Retail still makes up a small part of the company’s business, but it’s a high-profile cog in the machine and one that did cause a little trouble last year.
Simon acknowledged that, while SPARC was profitable in 2022, it didn’t meet expectations and he offered “a little mea culpa.”
“We made the mistake that … we budgeted basically flat to ‘21 and ‘21 was for a couple of the brands there [was] just extraordinarily profitable,” Simon said. “We made some tactical mistakes at Forever 21. We brought in a new CEO [Winnie Park] to rectify those mistakes. She’s doing a terrific job. So we’re very pleased there. We also are very pleased with J.C. Penney. It’s unbelievably profitable.
“But we did make the mistake of thinking ‘21 would repeat and then obviously, you know, we had a lot of volatility from a macro point in ‘22 with huge increases in interest rates, huge increase in price and food and energy cost that the consumer was whipped and we felt the impact of it,” he said. “It stabilized now, we believe.”

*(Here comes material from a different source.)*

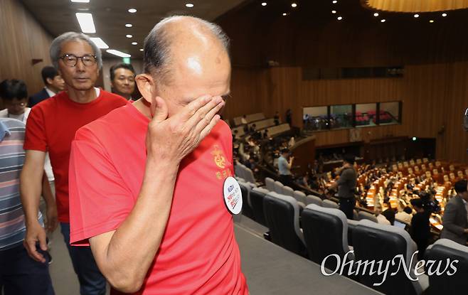 | ▲ 4일 오후 서울 여의도 국회에서 채상병 특검(순직 해병 수사 방해 및 사건 은폐 등의 진상규명을 위한 특별검사의 임명 등에 관한 법률안)이 재석 190인 중 찬성 189표, 반대 1표로 가결되자, 해병대예비역연대 회원들이 이를 지켜보며 기뻐하고 있다. |
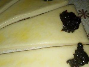 Adăugarea umpluturii: Taie foaia în triunghiuri de dimensiunea dorită, pune câte o linguriță de gem de prune cu alune la baza fiecărui triunghi și rulează-l ușor spre vârf.

It’s a mistake that much of retail seems to have made as well.
But Simon, of course, always has his mall empire to fall back on.
Occupancy at the company’s U.S. malls and premium outlets stood at 94.9 percent at the end of the year, up from 93.4 percent at the close of 2021.
Minimum rent per square foot rose 2.3 percent to $55.13 over the year and retail sales per square foot for the 12 months increased 5.6 percent to $753.
For the full year, Simon’s comparable funds from operations rose 3.5 percent to $4.5 billion, or $11.87 a share — with $2.8 billion of that going to shareholders in the form of dividends and share repurchases.
The mall giant is expecting its comparable funds from operations to come in about the same this year with an outlook of $11.70 to $11.95 a share.